When I was in high school, designer jeans were all the rage. My family couldn't afford them. My mother had gone to college to get her BSN, and my father's $8-an-hour job didn't stretch much beyond the necessities. If I wanted spending money, I had to work for it, and I did so without complaint. Having my own, earned money was very freeing in most ways, but I couldn't afford designer jeans on minimum wage.
Because of our tight budget, I knew Christmas would be skimpy, and I didn't expect much of anything. Maybe a book I'd been wanting, or the latest Billy Joel album. But then, under the tree, was a tiny box that weighed next to nothing. In the box was a small strip of paper that read, I.O.U. one pair designer jeans. It was a humbling experience, knowing that my parents were willing to sacrifice something they wanted to get me something I wanted, and it was a lesson I never forgot. At that point, the jeans weren't just a pair of jeans; it was an acknowledgement that having what others had sometimes meant a great deal.
I still have that pair of jeans in my closet, believe it or not. They've traveled from my teenage bedroom at my parents' house to the tiny apartment I rented when I was a single woman to both the houses I've owned as a married adult. My husband has even asked me why on earth I have this old pair of jeans in the back of the closet? Why keep something so horribly out of fashion, something I'll never wear?
The answer, of course, is to remind me that loving your kids is about more than giving in to them every time they want something new.
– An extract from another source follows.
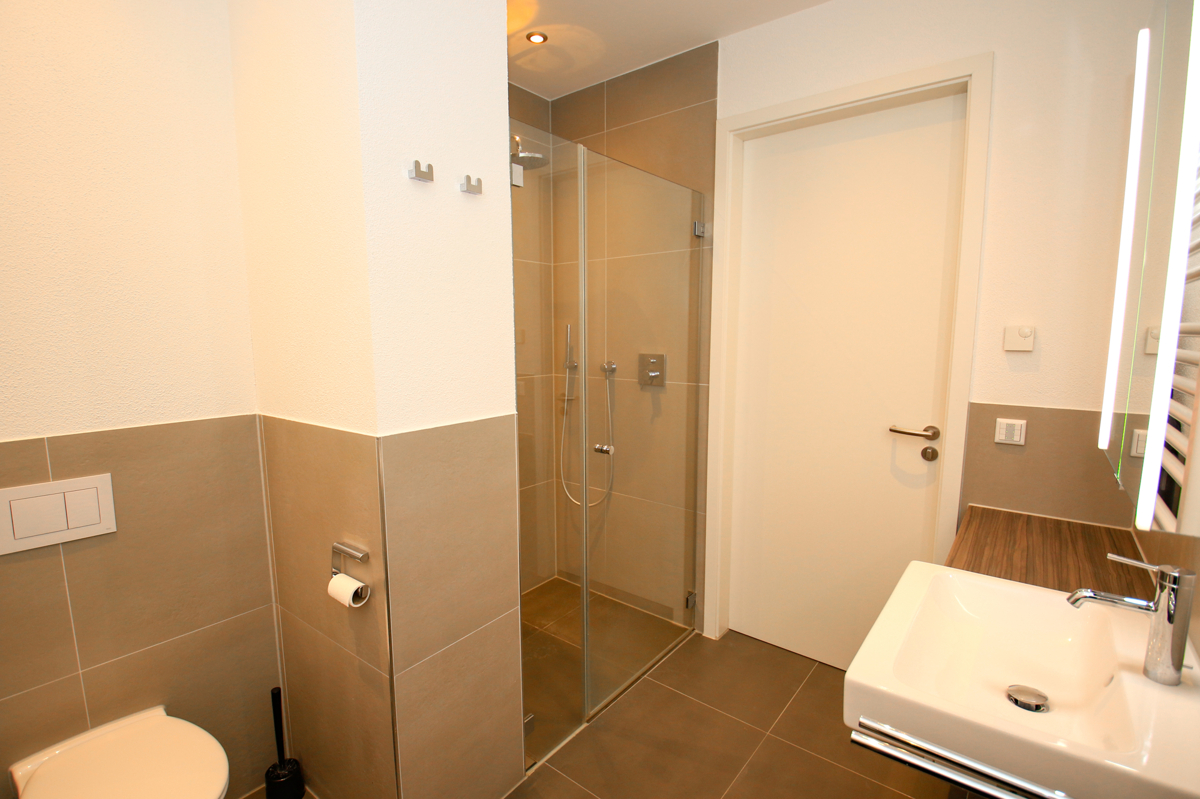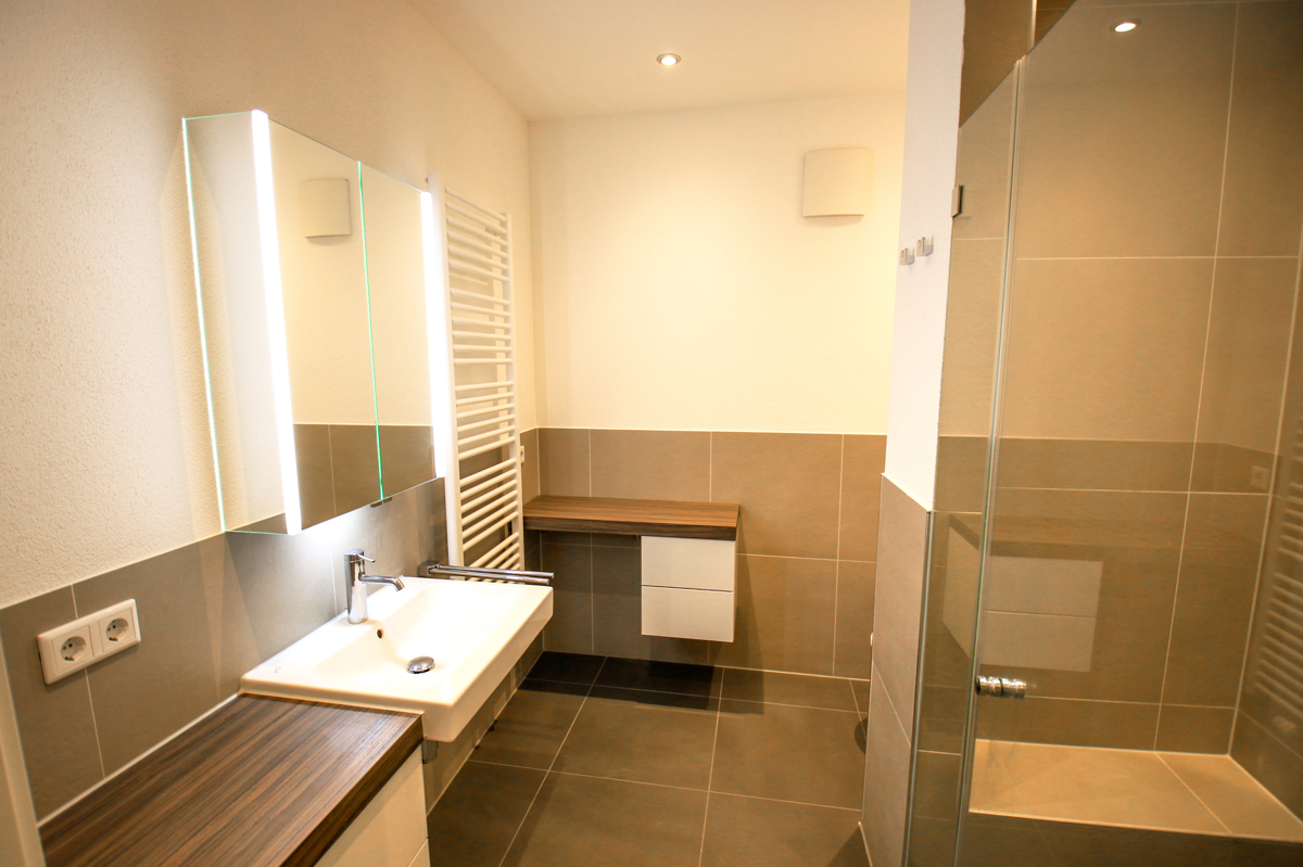 - Duschbad mit bodengleicher Dusche, Sitzgelegenheit, hochwertigen

Those jeans remind me that my parents honestly cared about the travails of adolescence and the meanness of teenage girls, and that, for them, being a little late on some bill or not getting something for themselves was a small sacrifice to make to take away a little of that pain. And considering the amount of time my parents had spent lecturing my siblings and me on not following the crowd or giving in to peer pressure, the fact that even they understood the problems one faces in junior high and high school was comforting.
I don't buy my children every fad item that comes along. But I do buy some of them, particularly when my children have hit junior high, where fitting in becomes so important. We still don't have money to buy every new thing, but I've bought a single pair of outrageously priced jeans so that one daughter could look cool the first day of school. I've let my son have his shaggy hair the way he'd like, rather than insist he look clean and neat. And I'm sure there will be more of that balancing act in the future.